The Heresy Of Explanation


I just bought The Five Books of Moses: A Translation with Commentary by Robert Alter for a price that still makes me shudder. I happened upon it during a short trip to Powells, and having read Alter's incisive Art of Biblical Narrative in college (I highly recommend it.), I knew this book was not to be passed up. And after finishing the introduction, I know the book was worth the expense.

Alter's philosophy of translation is to retain as many of the literary elements in the biblical text as are possible to express in English, and as an accomplished scholar of Hebrew (ancient and modern) and English literature he is qualified to undertake the task. His major criticism of contemporary English Bible [As a Jew, Alter uses the word to refer to the Old Testament.] translations is that in seeking to convey the precise meaning of the Hebrew words and phrases in their immediate context, they loose the levels of speech, puns, rhythm, repetition of words, and other artistic elements present in the original Hebrew on which the literary value of the Bible depends. Alter calls this "the heresy of explanation", for much of the spiritual value of the narratives in the Old Testament (particularly in the Torah and Former Prophets) is dependent upon its literary integrity.

Of course, not all of the literary elements can be perfectly captured in English. So Alter has included a commentary on the text in the form of extensive footnotes which highlight historical, literary, and linguistic items that bring out the meaning of the text. These comments comprise approximately one-third of the text in his book.

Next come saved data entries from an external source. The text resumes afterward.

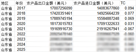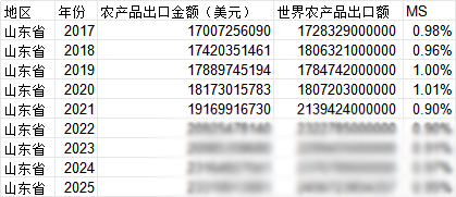 山东农产品出口 TC RCA MS指数 2017~2025,注意2025年由于世界农产品和世界出口总额没有发布,为测算数据,不影响使用。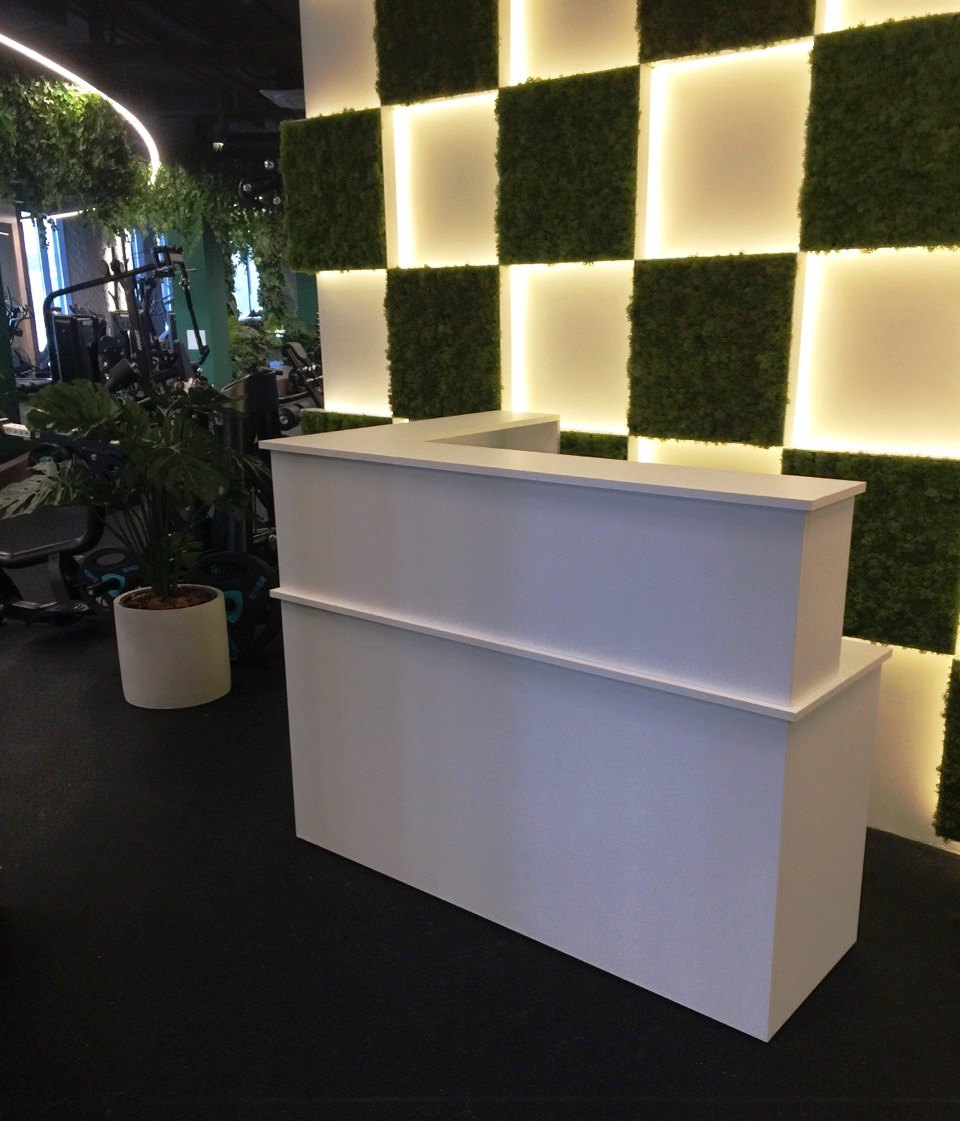 Установили офисную мебель и в том числе стойку администратора.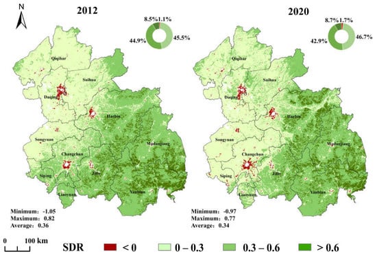 The SDR of carbon sequestration services can quantitatively describe the balance between regional supply and demand and reveal the distribution of carbon surplus and deficit []. The calculation formula is as follows: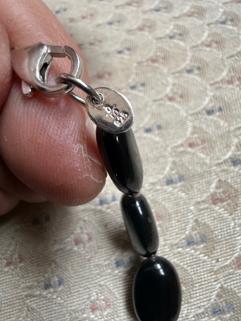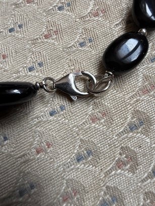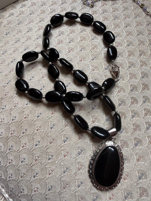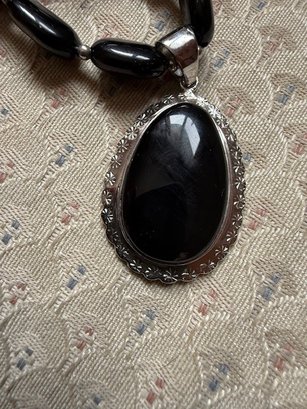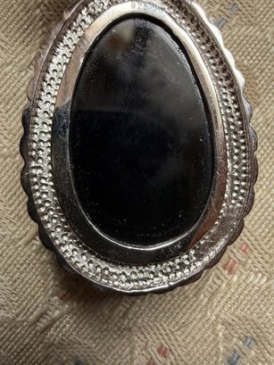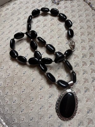 Oval Onyx And Sterling Silver Pendent Necklace, Approx 18" Danbury Mint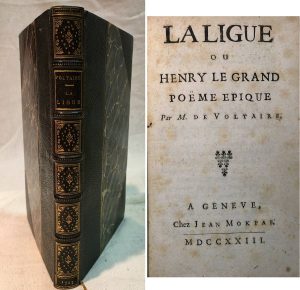 François Marie Arouet, dit VOLTAIRE. — La Ligue ou Henry le Grand. Poème épique. — Genève [Rouen], Mokpap [Viret], 1723, in-12 relié demi-maroquin vert à coins, dos à nerfs avec double filet d'encadrement et décor au petit fer dans chaque...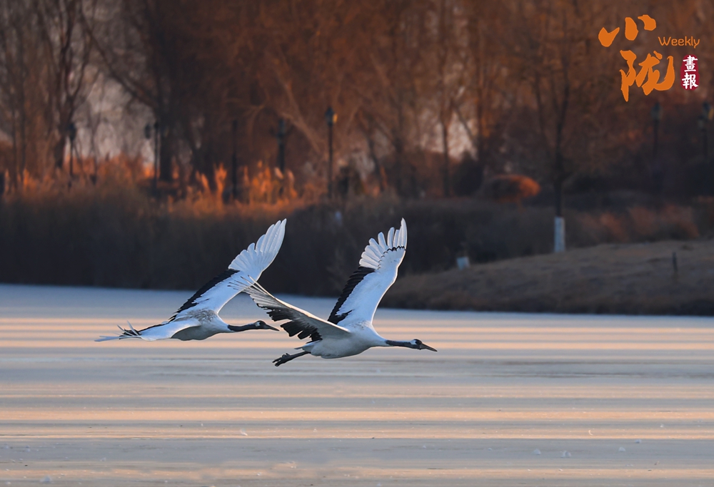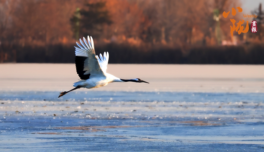 冰面映照著澄澈藍(lán)天,丹頂鶴展翅掠水,引頸高歌,清脆的鳴叫聲仿佛是大自然奏響的美妙樂章。
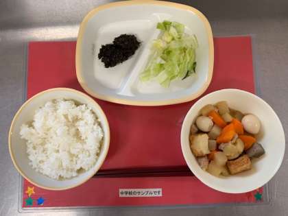 今日の給食は、「ごはん、牛乳、関東煮、あっさりキャベツ、のりの佃煮」です。

Here's an example of Alter's work taken from Genesis 2:5-7.
On the day the LORD God made earth and heavens, no shrub of the field being yet on the earth and no plant of the field yet sprouted, for the LORD God had not caused rain to fall on the earth and there was no human to till the soil, and wetness would well from the earth to water all the surface of the soil, then the LORD God fashioned the human, humus from the soil, and blew into his nostrils the breath of life, and the human became a living creature.
__________
7. the human, humus. The Hebrew etymological pun is 'adam, "human," from the soil, 'adamah.
Notice how Alter retains the indefinite sense of the Hebrew verbs, translates 'adam in its gender-neutral, universal sense, and works the Hebrew pun into English? Absolutely brilliant. I plan to read this book over the next couple of months and then write a full review contrasting it with Eugene Peterson's The Message.

3 comments:

  1. Dave,

    I've browsed through Gen 1-3 and Ex 3 in the Alter's translation of the Torah. It's interesting to compare it to Everett Fox's 'The Five Books of Moses', which is based on the same translation philosophy of making the form of the original as "transparent" as possible in English. Even though Alter and Fox follow the same method, each is strikingly different. Can you possibly do a comparison of The Message, Alter and Fox ?:-). That would be interesting!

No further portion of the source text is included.